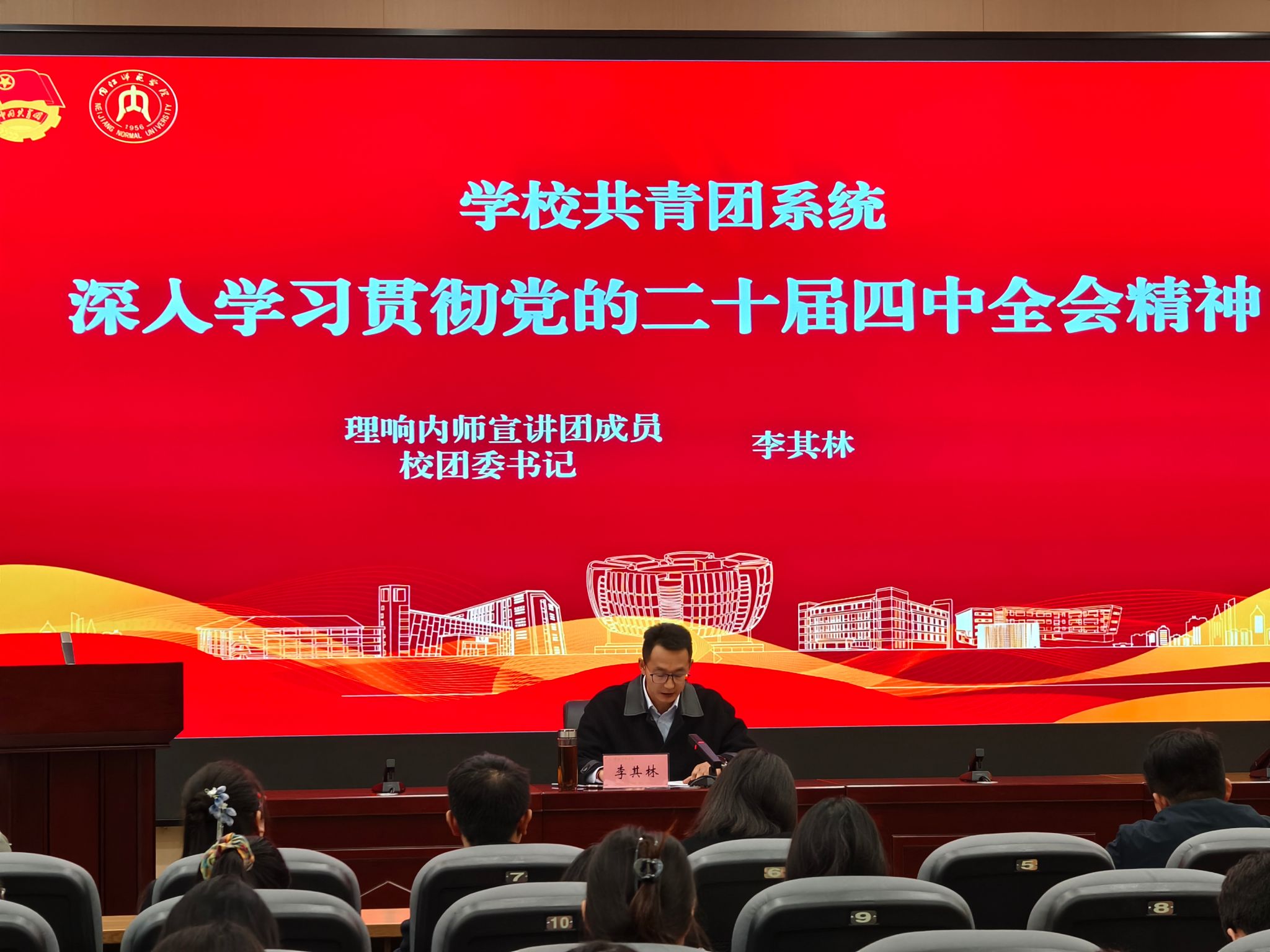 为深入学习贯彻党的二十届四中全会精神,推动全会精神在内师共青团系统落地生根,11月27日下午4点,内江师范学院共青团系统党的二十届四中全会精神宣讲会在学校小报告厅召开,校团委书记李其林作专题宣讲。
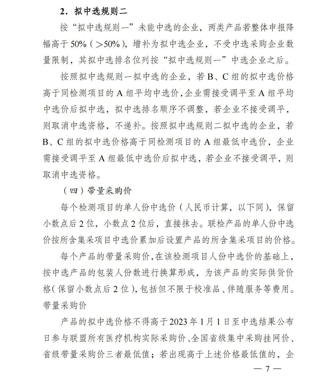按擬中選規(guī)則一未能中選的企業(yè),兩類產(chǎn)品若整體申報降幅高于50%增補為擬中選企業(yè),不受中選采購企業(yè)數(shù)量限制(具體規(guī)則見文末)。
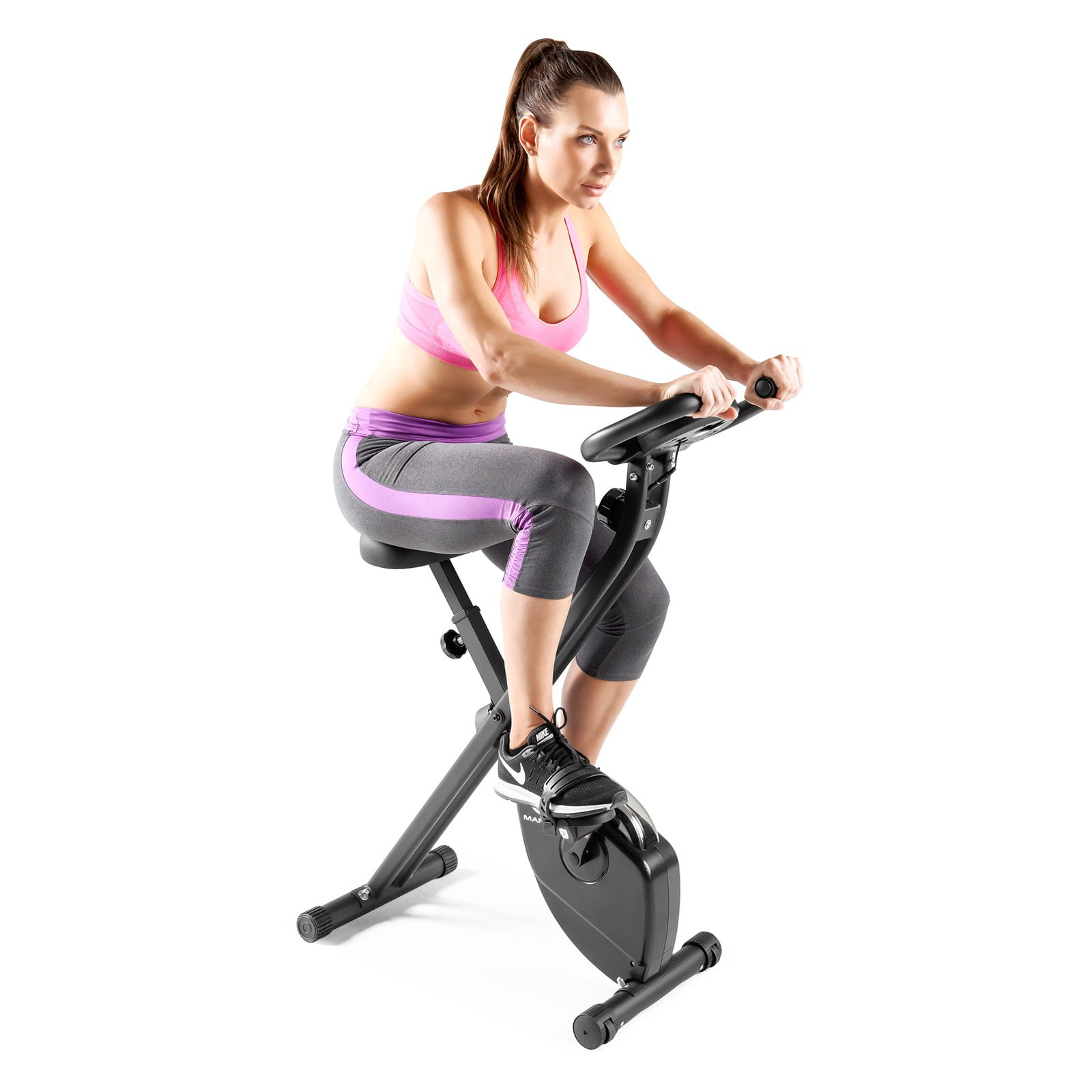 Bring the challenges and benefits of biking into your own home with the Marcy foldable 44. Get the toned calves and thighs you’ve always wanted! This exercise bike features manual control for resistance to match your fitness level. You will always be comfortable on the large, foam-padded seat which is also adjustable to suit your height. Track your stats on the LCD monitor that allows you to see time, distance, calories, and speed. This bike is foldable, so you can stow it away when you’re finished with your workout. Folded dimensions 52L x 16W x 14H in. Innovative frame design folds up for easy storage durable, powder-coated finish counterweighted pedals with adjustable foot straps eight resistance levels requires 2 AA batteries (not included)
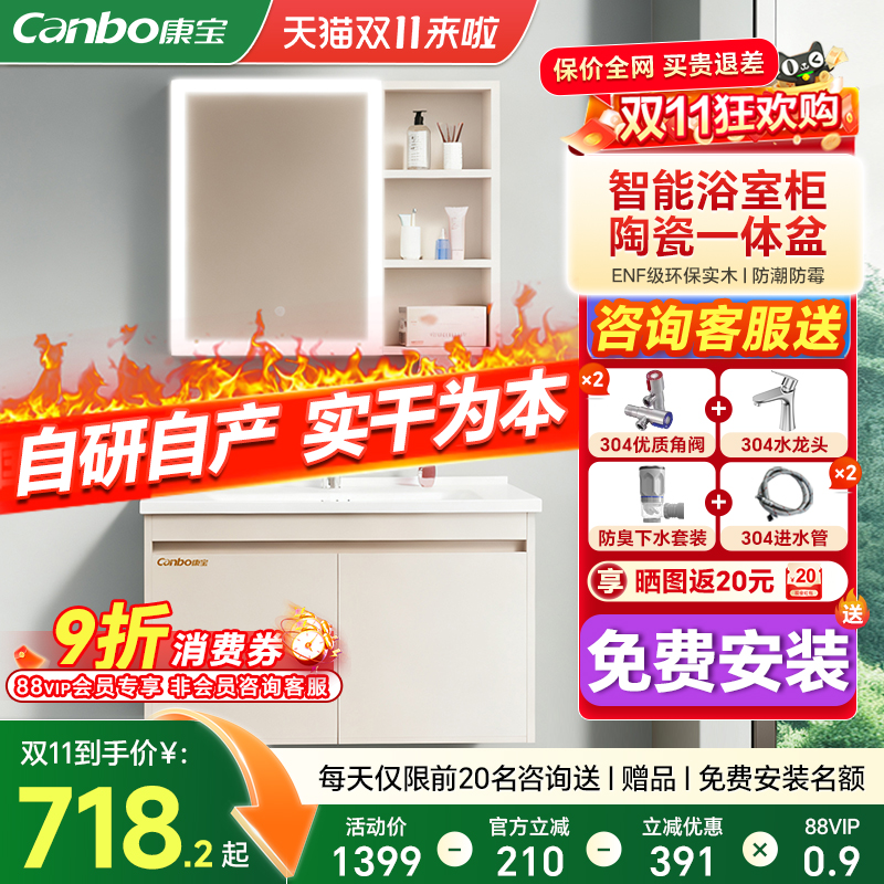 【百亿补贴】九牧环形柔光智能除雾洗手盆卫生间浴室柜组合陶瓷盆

···

__Description of the task__:
Once the pictures are set aside, repeat the data above exactly.

__Answer area__:
 为深入学习贯彻党的二十届四中全会精神,推动全会精神在内师共青团系统落地生根,11月27日下午4点,内江师范学院共青团系统党的二十届四中全会精神宣讲会在学校小报告厅召开,校团委书记李其林作专题宣讲。
按擬中選規(guī)則一未能中選的企業(yè),兩類產(chǎn)品若整體申報降幅高于50%增補為擬中選企業(yè),不受中選采購企業(yè)數(shù)量限制(具體規(guī)則見文末)。
 Bring the challenges and benefits of biking into your own home with the Marcy foldable 44. Get the toned calves and thighs you’ve always wanted! This exercise bike features manual control for resistance to match your fitness level. You will always be comfortable on the large, foam-padded seat which is also adjustable to suit your height. Track your stats on the LCD monitor that allows you to see time, distance, calories, and speed. This bike is foldable, so you can stow it away when you’re finished with your workout. Folded dimensions 52L x 16W x 14H in. Innovative frame design folds up for easy storage durable, powder-coated finish counterweighted pedals with adjustable foot straps eight resistance levels requires 2 AA batteries (not included)
 【百亿补贴】九牧环形柔光智能除雾洗手盆卫生间浴室柜组合陶瓷盆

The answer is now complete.